Title
AWS re:Invent 2023 - Netflix Maestro: Orchestrating scaled data & ML workflows in the cloud (NFX308)
Summary
- Netflix Maestro is a powerful workflow orchestrator used internally at Netflix to manage and automate ETL pipelines and machine learning workflows.
 - Maestro is a fully managed service that provides workflow as a service to thousands of Netflix users, ensuring reliability and scalability.
 - It features a workflow engine, alerting service, error classification services, and a user interface with templates and domain-specific language for easy workflow definition.
 - Maestro supports a variety of use cases, including data processing, model training, A/B testing, and more.
 - It was built in-house due to the lack of existing solutions that could handle Netflix's scale and variety of workflows.
 - Maestro's architecture includes an API gateway, a core workflow engine with versioning and triggering support, and integration with downstream services via Kafka.
 - The Maestro DSL (Domain-Specific Language) is available in YAML, Python, and Java, making workflow definitions readable, reproducible, and debuggable.
 - Maestro supports parameterized workflows with features like conditional branching and sub-workflows, as well as dynamic code injection for custom logic.
 - It is extensible, allowing users to create new step types and bring their own compute resources.
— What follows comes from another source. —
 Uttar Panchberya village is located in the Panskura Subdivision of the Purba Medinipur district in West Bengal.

 - Workflows in Maestro are executed efficiently and reliably, with each job running in isolation using Docker containers and Paper Mill for notebook execution.
 
Insights
- Netflix's decision to build Maestro in-house highlights the unique challenges faced by large-scale data-driven companies and the limitations of existing workflow orchestration tools.
 - Maestro's design emphasizes user-friendliness and flexibility, catering to a diverse user base with different technical backgrounds and preferences.
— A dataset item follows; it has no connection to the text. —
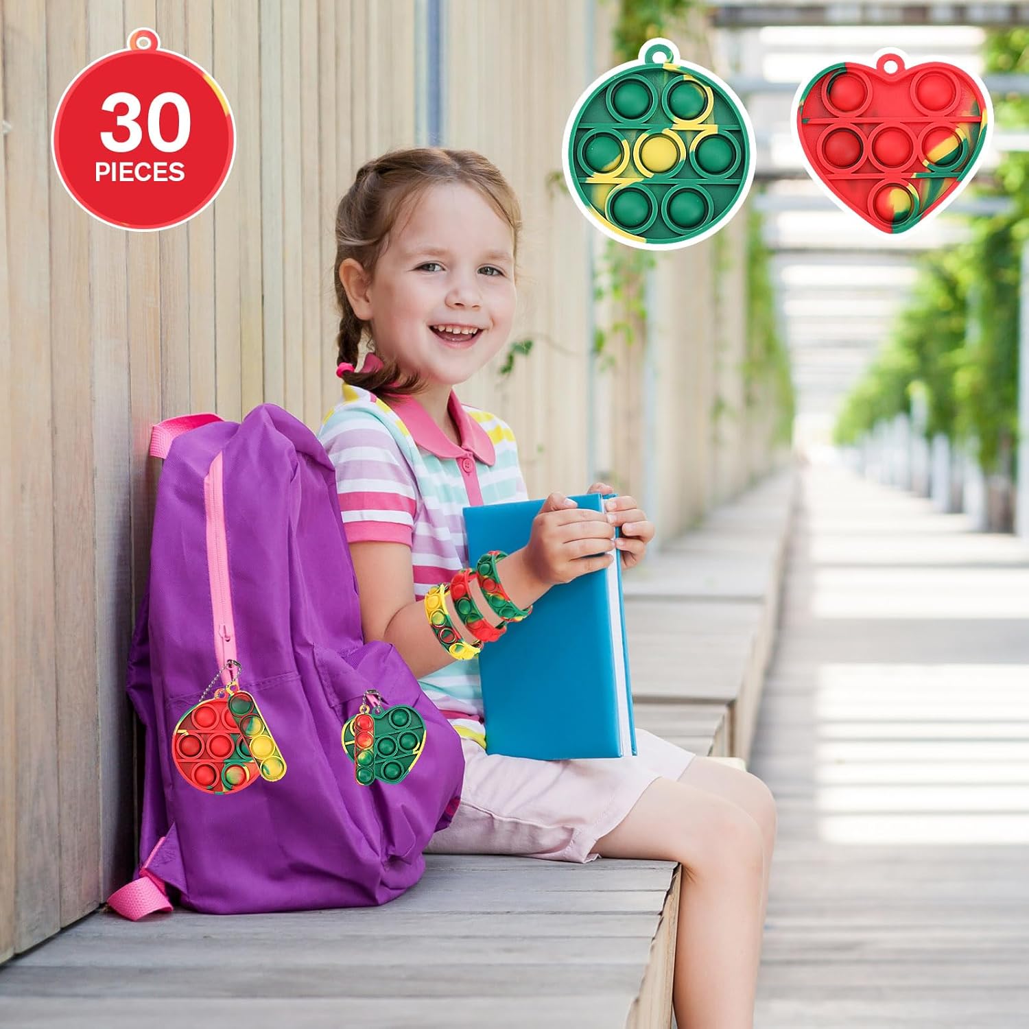 Christmas Party Favors, 30 Pcs Pop Fidget Toys Keychain Its for Kids Adults, Mini Push Bubble Pops Bulk Sensory Toys, Birthday Gifts Classroom Prizes for Boys Girls Goodie Bag Treasure Chest Box

 - The use of domain-specific languages and parameterization in Maestro simplifies the process of defining complex workflows, making it accessible to both engineers and non-engineers.
 - The integration of Maestro with other Netflix tools like Metaflow suggests a cohesive ecosystem for data and ML operations at Netflix.
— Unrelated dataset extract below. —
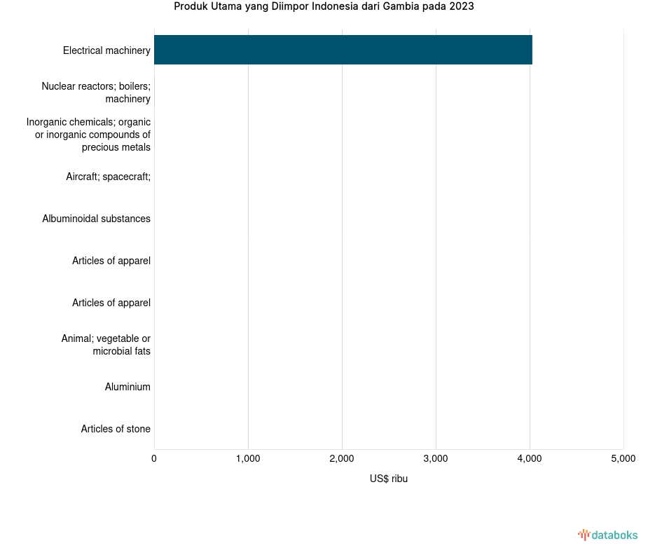 Impor Electrical Machinery Indonesia dari Gambia Naik Menjadi US$ 4,03 Juta

 - Maestro's ability to handle spiky and uneven loads, with tens of thousands of workflows and millions of jobs per day, demonstrates its robustness and the importance of scalability in workflow orchestration.
 - The presentation of Maestro at AWS re:Invent 2023 indicates a willingness by Netflix to share its internal tools and practices with the broader tech community, potentially influencing the development of similar tools in the industry.